Step1: Divide the pentagon into 5 triangles

A regular pentagon can be divided into 5 congruent isosceles triangles, each with a vertex angle at the center \( O \). The central angle for each triangle is \( \frac{360^\circ}{5} = 72^\circ \), and the two equal sides (radii) are 8 units.

Step2: Find the area of one triangle

The area of a triangle with two sides \( a, b \) and included angle \( \theta \) is given by \( \frac{1}{2}ab\sin\theta \). Here, \( a = b = 8 \) and \( \theta = 72^\circ \). So the area of one triangle is \( \frac{1}{2} \times 8 \times 8 \times \sin(72^\circ) \).
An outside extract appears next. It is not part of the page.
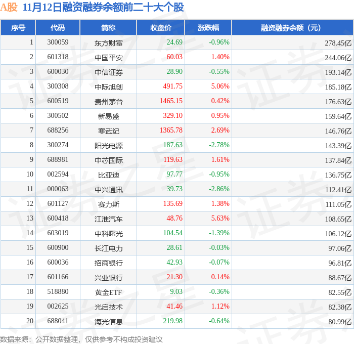 A股融资融券余额前三分别为:东方财富(300059)融资融券余额278.45亿元、中国平安(601318)融资融券余额244.06亿元、中信证券(600030)融资融券余额193.14亿元,前20具体见下表:

Calculating \( \sin(72^\circ) \approx 0.9511 \), we get:
\( \frac{1}{2} \times 8 \times 8 \times 0.9511 = 4 \times 8 \times 0.9511 = 32 \times 0.9511 \approx 30.4352 \)

Step3: Find the area of the pentagon

Since there are 5 such triangles, the area of the pentagon is \( 5 \times \) area of one triangle.
\( 5 \times 30.4352 \approx 152.176 \)

Rounding to the nearest tenth, we get approximately 152.2.

Answer:

The area of the regular pentagon is approximately \(\boxed{152.2}\) (square units).